The Oscars flub Sunday night immediately engulfed PricewaterhouseCoopers in crisis, threatening to undermine the auditing giant's awards monitor reputation as social media users heaped scorn upon the company.
The company apologized early Monday after presenters incorrectly announced La La Land as the Best Picture winner, triggering an off-stage scramble that spilled onto the stage and led to an embarrassing reversal in which Moonlight was correctly crowned champion.
PricewaterhouseCoopers, often referred to as PwC, is responsible for tabulating results and monitoring the awards distribution. The company was handling the process for the Academy of Motion Picture Arts & Sciences for the 83rd year.
"The presenters had mistakenly been given the wrong category envelope and when discovered, was immediately corrected," PwC said in a statement. "We are currently investigating how this could have happened, and deeply regret that this occurred."
For a company of accountants who prize themselves on their commitment to accuracy, an event that typically burnishes their credibility quickly devolved into a global crisis.
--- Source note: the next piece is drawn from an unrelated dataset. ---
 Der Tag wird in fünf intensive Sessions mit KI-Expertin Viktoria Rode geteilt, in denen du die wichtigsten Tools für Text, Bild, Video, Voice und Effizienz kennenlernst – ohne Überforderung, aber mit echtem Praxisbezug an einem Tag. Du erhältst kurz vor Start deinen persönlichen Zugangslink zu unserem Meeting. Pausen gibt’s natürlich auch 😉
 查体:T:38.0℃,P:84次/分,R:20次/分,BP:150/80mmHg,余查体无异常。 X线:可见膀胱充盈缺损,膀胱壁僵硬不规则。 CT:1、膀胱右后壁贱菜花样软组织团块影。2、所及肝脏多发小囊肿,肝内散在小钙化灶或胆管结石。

Accounting is a "credence good," which means "customers don't know to evaluate" it unless something goes wrong, University of Michigan business professor Erik Gordon said.
"You trust in the name. If you understood accounting, you wouldn't need PwC or KPMG or any of them," Gordon said. "It's a reputation good. This is the most public goofup an accounting firm could make. Accounting firms are in the background."
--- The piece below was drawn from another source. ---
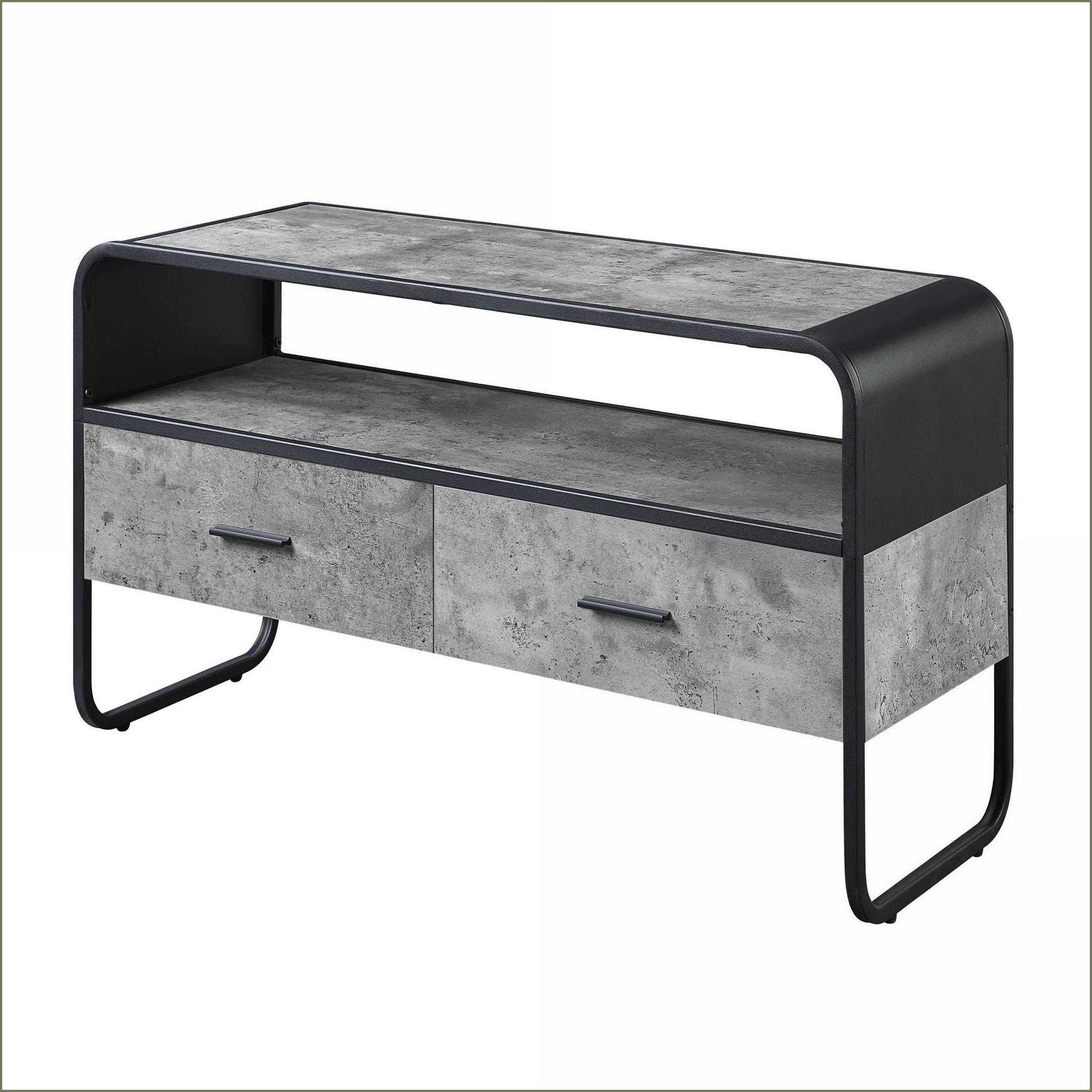 TV Furniture Modern 2-Drawer TV Stand Concrete Grey and Black, Fits 42in TVs, Modern, Wood+Metal

Minutes before presenters Warren Beatty and Faye Dunaway announced La La Land as the victor, PwC tweeted a photo of its two accountants behind the stage monitoring the process.
tweeted a photo
A PwC spokesperson did not immediately respond to a request seeking comment Monday morning. Efforts to reach the two accountants and Oscars balloting leaders, Martha Ruiz and Brian Cullinan, were not successful.
A "simple mistake" is always a risk, but Gordon said accounting firms are hired to ensure that public companies, for example, have processes in place to avoid blunders.
"You pay your accounting firm a fortune to review your internal control procedures and sign off that you have them," Gordon said.
PwC has often bragged of its role in ensuring the "integrity and trust" of the Oscars outcome.
After the results are tabulated, Ruiz and Cullinan memorize the results and position themselves backstage with separate briefcases each containing envelopes announcing the winners. They hand them to the presenters immediately before each category.
Fans blasted PwC on social media for its handling of the matter.
YOU HAD ONE JOB, PRICEWATERHOUSECOOPERS. ONE JOB! #Oscars— Max Valiquette (@maxvaliquette) February 27, 2017
WHERE ARE THE ACCOUNTANTS FROM PRICEWATERHOUSECOOPERS?! #Oscars— Kevin Farley (@kfarley) February 27, 2017
Someone at PricewaterhouseCoopers is getting fired tonight... #Oscars— Andrew St. Clair™ (@Andrew_StClair) February 27, 2017
THE ONE TIME they don't let the accountants from PricewaterhouseCoopers on stage and LOOK WHAT HAPPENS— Dieter Bohn (@backlon) February 27, 2017
The Oscars gaffe isn't the first time the New York City-based company has landed in reputation-damaging controversy.
The Securities and Exchange Commission censured PwC and hit the company with a $1 million fine in a 2003 settlement of allegations stemming from the audit of SmarTalk TeleServices, a former provider of pre-paid telephone cards and wireless services. The accounting firm failed to adequately audit a $25 million restructuring reserve established by SmarTalk, the SEC said.
PwC agreed to the settlement and fine without admitting or denying the allegations.
In 2002, PwC and its broker-dealer affiliate agreed to a $5 million settlement of a SEC enforcement action that found the company violated auditor independence rules. Spanning a period from 1996 to 2001, the violations involved prohibited contingent fee arrangements with 14 audit clients that hired PwC's investment bankers to perform advisory services for fees that depended on the success of the transactions the clients were pursuing.
The auditing company agreed to cease and desist from violating auditor independence rules and accept a censure.
Separately, PwC in 2002 reached a settlement with the Internal Revenue Service that detailed a process for the accounting giant to disclose information about its tax shelters and the companies that have used them. The company did not admit any wrongdoing but was expected to pay a financial settlement of approximately $1 million, according to media reports at the time.